-------- Provided data

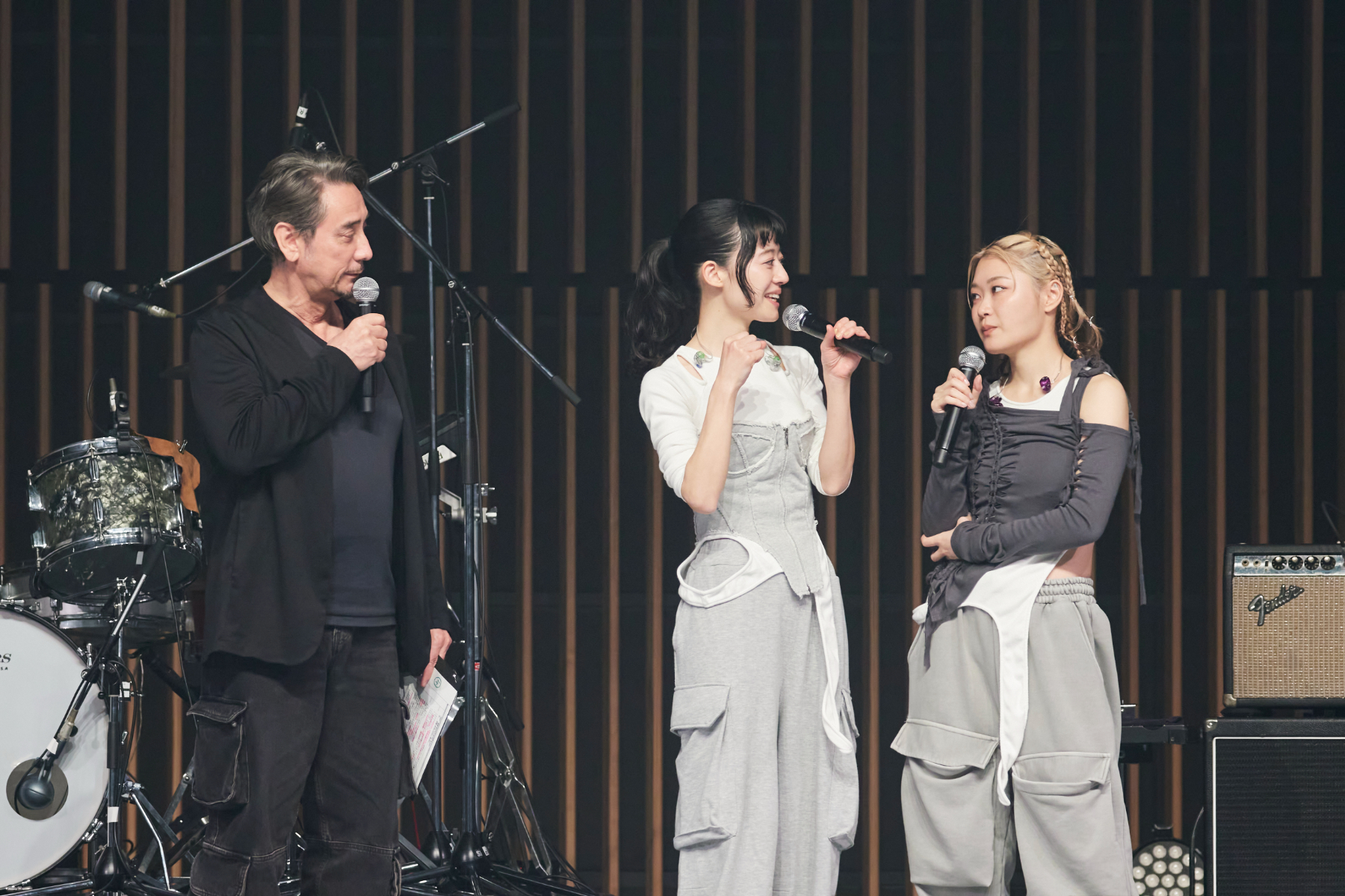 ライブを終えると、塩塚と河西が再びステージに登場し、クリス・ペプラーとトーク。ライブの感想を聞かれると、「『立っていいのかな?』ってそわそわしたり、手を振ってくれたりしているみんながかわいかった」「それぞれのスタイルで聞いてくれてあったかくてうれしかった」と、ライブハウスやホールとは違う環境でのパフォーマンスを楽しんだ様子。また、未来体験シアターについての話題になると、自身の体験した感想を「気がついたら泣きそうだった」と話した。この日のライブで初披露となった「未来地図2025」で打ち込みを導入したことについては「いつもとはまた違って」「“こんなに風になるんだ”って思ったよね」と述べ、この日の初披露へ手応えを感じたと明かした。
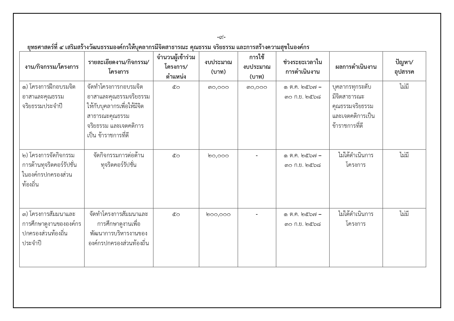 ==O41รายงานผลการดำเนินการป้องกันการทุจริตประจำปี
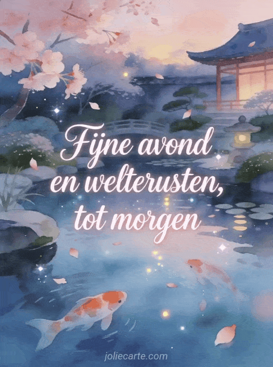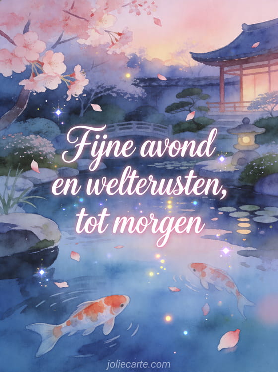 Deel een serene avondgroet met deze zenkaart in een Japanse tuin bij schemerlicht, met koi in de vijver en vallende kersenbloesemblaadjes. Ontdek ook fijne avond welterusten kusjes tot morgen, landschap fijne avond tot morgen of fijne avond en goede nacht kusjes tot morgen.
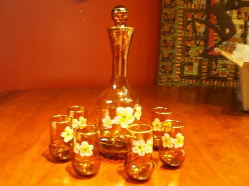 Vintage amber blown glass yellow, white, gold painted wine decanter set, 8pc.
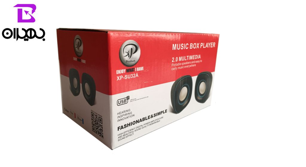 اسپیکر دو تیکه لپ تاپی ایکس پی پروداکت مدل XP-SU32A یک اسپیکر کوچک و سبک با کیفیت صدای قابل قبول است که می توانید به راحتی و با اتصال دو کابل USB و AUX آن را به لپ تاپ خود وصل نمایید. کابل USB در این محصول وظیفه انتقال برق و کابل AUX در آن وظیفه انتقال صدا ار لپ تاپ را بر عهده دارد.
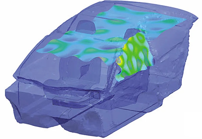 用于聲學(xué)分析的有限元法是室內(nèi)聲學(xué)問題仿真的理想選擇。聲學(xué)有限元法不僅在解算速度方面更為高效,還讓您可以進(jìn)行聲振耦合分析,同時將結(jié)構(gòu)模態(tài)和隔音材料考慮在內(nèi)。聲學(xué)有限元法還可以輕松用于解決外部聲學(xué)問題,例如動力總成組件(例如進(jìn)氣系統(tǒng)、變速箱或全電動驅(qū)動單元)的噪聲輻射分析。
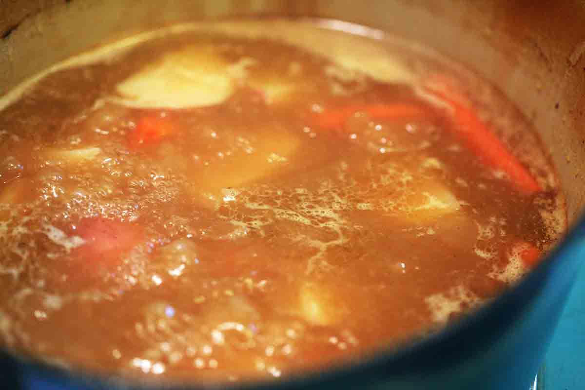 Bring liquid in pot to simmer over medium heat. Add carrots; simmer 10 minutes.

----------------

● **Brief**
Your response must restate every record above exactly, with each picture omitted.

● **Finished exercise**
 ライブを終えると、塩塚と河西が再びステージに登場し、クリス・ペプラーとトーク。ライブの感想を聞かれると、「『立っていいのかな?』ってそわそわしたり、手を振ってくれたりしているみんながかわいかった」「それぞれのスタイルで聞いてくれてあったかくてうれしかった」と、ライブハウスやホールとは違う環境でのパフォーマンスを楽しんだ様子。また、未来体験シアターについての話題になると、自身の体験した感想を「気がついたら泣きそうだった」と話した。この日のライブで初披露となった「未来地図2025」で打ち込みを導入したことについては「いつもとはまた違って」「“こんなに風になるんだ”って思ったよね」と述べ、この日の初披露へ手応えを感じたと明かした。
 ==O41รายงานผลการดำเนินการป้องกันการทุจริตประจำปี
 Deel een serene avondgroet met deze zenkaart in een Japanse tuin bij schemerlicht, met koi in de vijver en vallende kersenbloesemblaadjes. Ontdek ook fijne avond welterusten kusjes tot morgen, landschap fijne avond tot morgen of fijne avond en goede nacht kusjes tot morgen.
 Vintage amber blown glass yellow, white, gold painted wine decanter set, 8pc.
 اسپیکر دو تیکه لپ تاپی ایکس پی پروداکت مدل XP-SU32A یک اسپیکر کوچک و سبک با کیفیت صدای قابل قبول است که می توانید به راحتی و با اتصال دو کابل USB و AUX آن را به لپ تاپ خود وصل نمایید. کابل USB در این محصول وظیفه انتقال برق و کابل AUX در آن وظیفه انتقال صدا ار لپ تاپ را بر عهده دارد.
 用于聲學(xué)分析的有限元法是室內(nèi)聲學(xué)問題仿真的理想選擇。聲學(xué)有限元法不僅在解算速度方面更為高效,還讓您可以進(jìn)行聲振耦合分析,同時將結(jié)構(gòu)模態(tài)和隔音材料考慮在內(nèi)。聲學(xué)有限元法還可以輕松用于解決外部聲學(xué)問題,例如動力總成組件(例如進(jìn)氣系統(tǒng)、變速箱或全電動驅(qū)動單元)的噪聲輻射分析。
 Bring liquid in pot to simmer over medium heat. Add carrots; simmer 10 minutes.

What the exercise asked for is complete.